Вагаршака санитарным поездом вывозят в госпиталь на Урал, в город Краснотурьинск. Уже там, на излечении, его догоняет вторая медаль «За отвагу». Прошел месяц, раны начали потихоньку затягиваться. Однажды с соседом по палате они вышли  на улицу, сели, закурили. Григорий вдруг сказал: «Слушай, а что это вон тот мужик то и дело смотрит на нас?» Вагаршак повернулся всем корпусом – шея ещё не двигалась: действительно, там стоял человек и разглядывал их.

– Казаренко! На перевязку! – сестричка Зиночка, самый главный начальник раненых, окликнула Григория. Тот, опираясь на костыли, заковылял к парадной. Вагаршак заметил, что человек, который заинтересовал их, в ту же секунду направился в его сторону. Подошёл, сел рядом. Представился полковником, но в каких войсках служит, как  имя-фамилия – не сказал.

– Я слышал из вашего разговора, что ты из Крыма. Это так?

– Да.

– Где воевал, солдат?

– В Крыму и воевал. Оборонял и освобождал Севастополь.

– Тяжело вам там пришлось…

– Да, несладко. А где легко-то было?

– У тебя в Крыму семья? Жена тоже армяночка? Дети есть?

– И жена армяночка, и дети есть, целых пятеро! – сказав это, Вагаршак заметил, как

полковник отвёл взгляд в сторону, нахмурился, опустив голову. Наконец произнёс: «То, что я сейчас тебе скажу, не должен знать никто – ни один человек! Сделай так, чтобы твоя семья срочно уехала из Крыма. Больше я тебе ничего сказать не могу. Извини, солдат». Поднялся со скамейки и ушёл.

Вагаршак долго думал: что может случиться с его семьёй именно сейчас, когда советские войска освободили Крым?
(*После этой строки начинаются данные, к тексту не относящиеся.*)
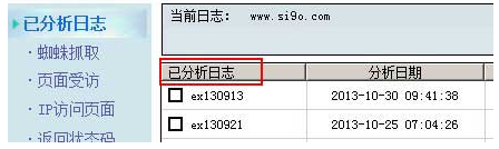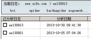 3、單擊“已分析日志”,再單擊“已分析網(wǎng)站”下面的域名,則顯示該域名下的所有已分析日志,如圖所示: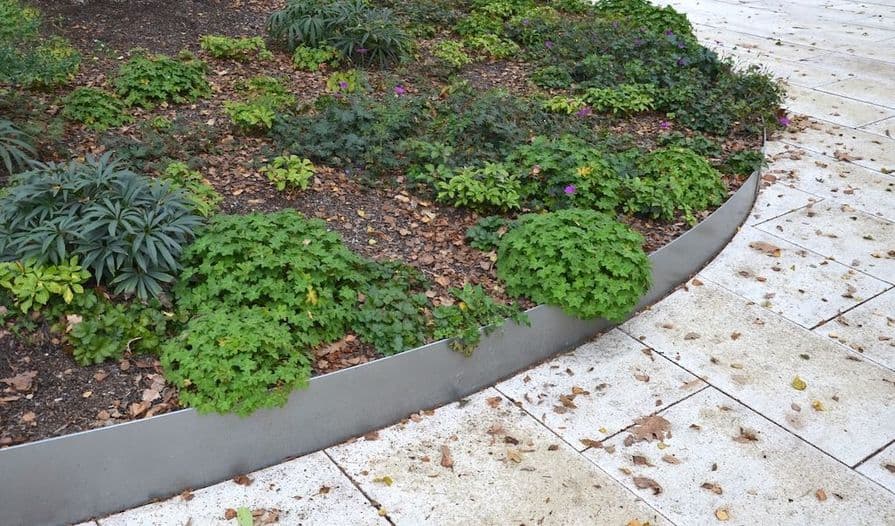 4. Ocelový obrubník – kromě plastu jsou oblíbeným řešením i ocelové obruby. Z hlediska odolnosti stojí na pomezí mezi betonovými a rovnými plastovými obrubníky. Oproti plastovým modelům nabízejí vyšší odolnost a delší životnost. Cenově jsou o něco dražší. Trendem posledních let jsou obrubníky z cortenové oceli.

Мы же уже погнали немцев на всех фронтах, бегут, не оглядываясь! Надо поговорить ещё раз с этим полковником. Но встретиться не пришлось – незнакомец был уже выписан из госпиталя, как сказала строгая старшая медсестра Изольда Германовна.

Через месяц главный врач госпиталя сообщил Вагаршаку, что его документы на выписку готовы, он комиссован по состоянию здоровья, война для него закончилась. И тяжело посмотрел ему в глаза: «Тебе нужно будет зайти перед выпиской в особый отдел». Надо так надо – зашел. Сидящий за столом, покрытым зелёным сукном, майор, в очках с толстыми стёклами, от чего глаза его казались неестественно огромными, предложил сесть. Молчал, бесцельно передвигая по столу какие-то бумажки. Вагаршак, в сердце которого с каждой секундой нарастала тревога, выжидательно смотрел на особиста.

– Вагаршак Диранович, Вам возвращаться домой, в Крым, я думаю, не следует. Семья ваша согласно Указу Верховного Совета выселена на Урал, – и посмотрел в бумажку, – в город Сухой Лог. Конечно, Вы как фронтовик, отважно защищавший нашу Родину, лично Вы можете вернуться домой. Решайте сами.

– За что? – только и смог выдавить из себя Вагаршак.

– За пособничество германской армии.

– Не может этого быть! Жена, у которой пятеро малолетних детей, – какое пособничество, что за бред!

– Не забывайтесь, Вы находитесь в особом отделе! Всё, разговор окончен!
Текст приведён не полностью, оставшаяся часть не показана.